Since beginning Crossfit a few years ago, the weightlifting aspect of the program has been my favorite. Nice, slow workouts where I get to lift heavy things or fast paced workouts where I lift lighter weights, I love any of it. Before I started at RARE Crossfit, I put a larger emphasis on weight training than I did on speed and agility… and it showed. I could deadlift twice my body weight, but a 10 minute, fast paced workout left me in ruins. Working out on my own allowed me to do my favorite things and get really good at them, all the while increasing the gap between my strengths and weaknesses. I was getting worse at what I was already not skilled at and better at what I was already good at…no bueno.
Last January,when I began at RARE, I was confident I’d been able to keep up with the group because I’d been doing Crossfit for a while, but during my first workout I got destroyed because of my huge weakness in speed, endurance, and agility. With a speedy endurance racer as a coach,I was soon tested in every aspect of my training and forced to face my weaknesses. It didn’t take long before the amount I could load on a barbel went down, but so did my times on my sprints the high paced workouts. Although I had lost a little bit of strength, I had gained a lot of speed and agility and that gap between my strengths and weaknesses slowly got smaller as I became a more well-rounded athlete.
Working on weaknesses is tough, it makes you feel inadequate and defeated. Trust me. But with time and practice, those weaknesses will no longer be weaknesses, and they might actually become your strengths. The first step in conquering a weakness is changing your mind about it. For example, I’ve mentioned a few hundred times that running is not my cup of tea, so my first step was to stop hating it. Now that was difficult, but I started telling myself, “you know Lauren, you’re really not so bad, you’re really good at pacing yourself.” I began focussing on picking up that pace a little and keeping it nice and steady. Then I started running by myself and focussing on the messages my brain was sending my body. I would tell myself “I can do this, I’m doing really well,” instead of “Caaaan’t breeeeath, muuuuust stooop.” I considered it a great accomplishment to run 3 miles without a single negative thought. Then I started verbalizing that I was starting to like running, I would even try to smile when Adam said “Run!” Before long, my mental toughness increased and so did my pace, then one day I cut 4 minutes off my time on a running workout and I knew I could do it.
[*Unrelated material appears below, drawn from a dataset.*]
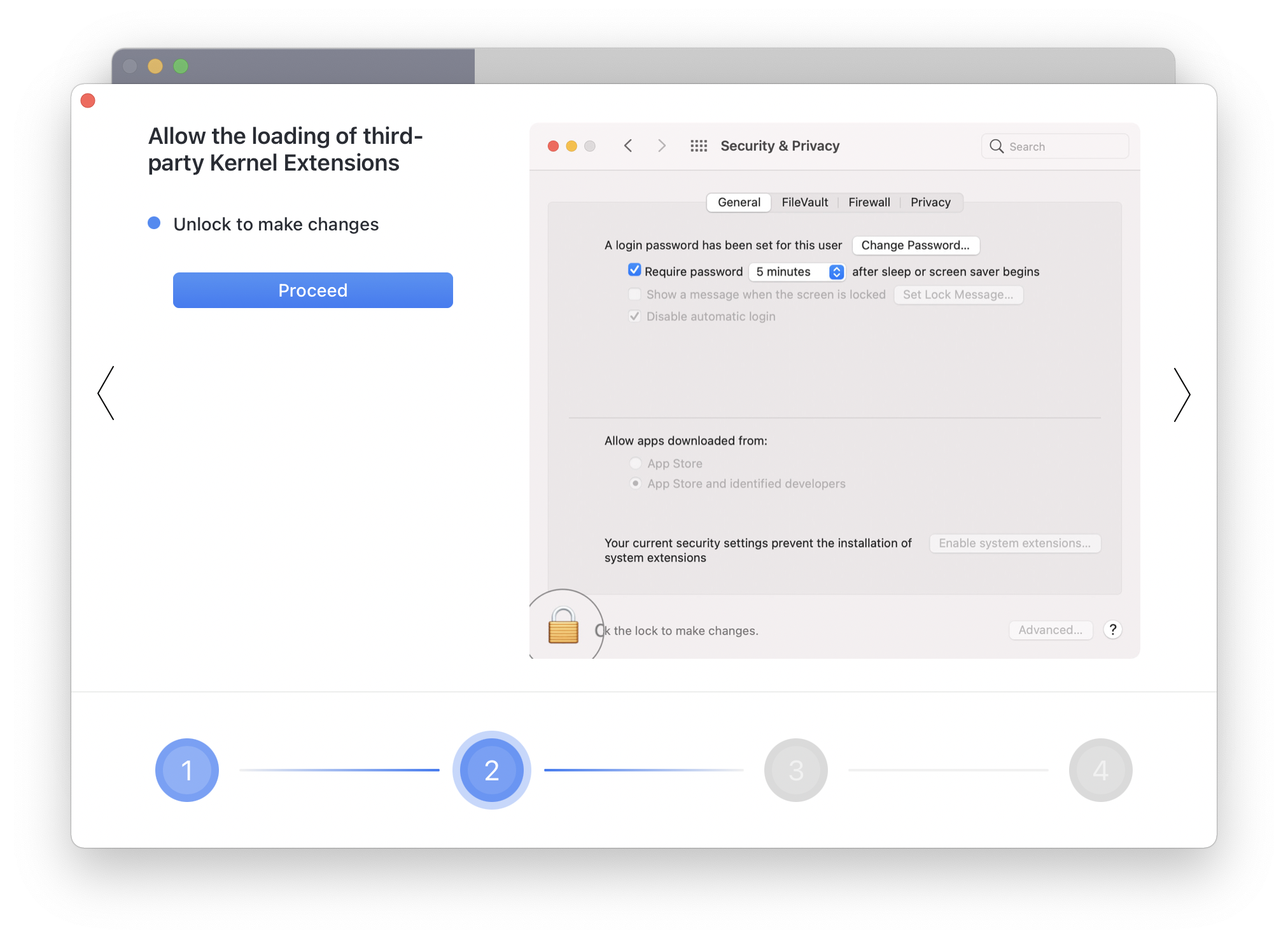 시스템 확장 프로그램을 활성화하려면 복구 환경에서 보안 설정을 수정해야 합니다.

I still have my days where running sounds like a chore instead of a tool to get more fit, but those days are the minority.
Now that I have become more well-rounded, I have begun working on increasing my strength to get it back to where it used to be,without losing any of the speed and agility I have gained. I got a squat rack and some new weights for Christmas, so I have been lifting most mornings in my basement. It is frustrating because over Christmas break I went for over a month without doing any kind of strength training so I’ve gotten even weaker, but I face that weakness every morning and am slowly getting stronger. Before, during, and after my workouts I speak positively to myself (in my head…and outloud), nothing is fun when your head is filled with negative thoughts.
Now, keep in mind that if you are new to exercising or hate exercising altogether, you may want to avoid your weaknesses until you gain some confidence in your ability to exercise. It is important to work on your weaknesses, but it is more important to exercise. Period. But, if you consider yourself experienced, it is time to start conquering those weak areas! Remember, the first step is the mind game, you may hate it now, but it won’t take long before it is just one more tool you use to get fit!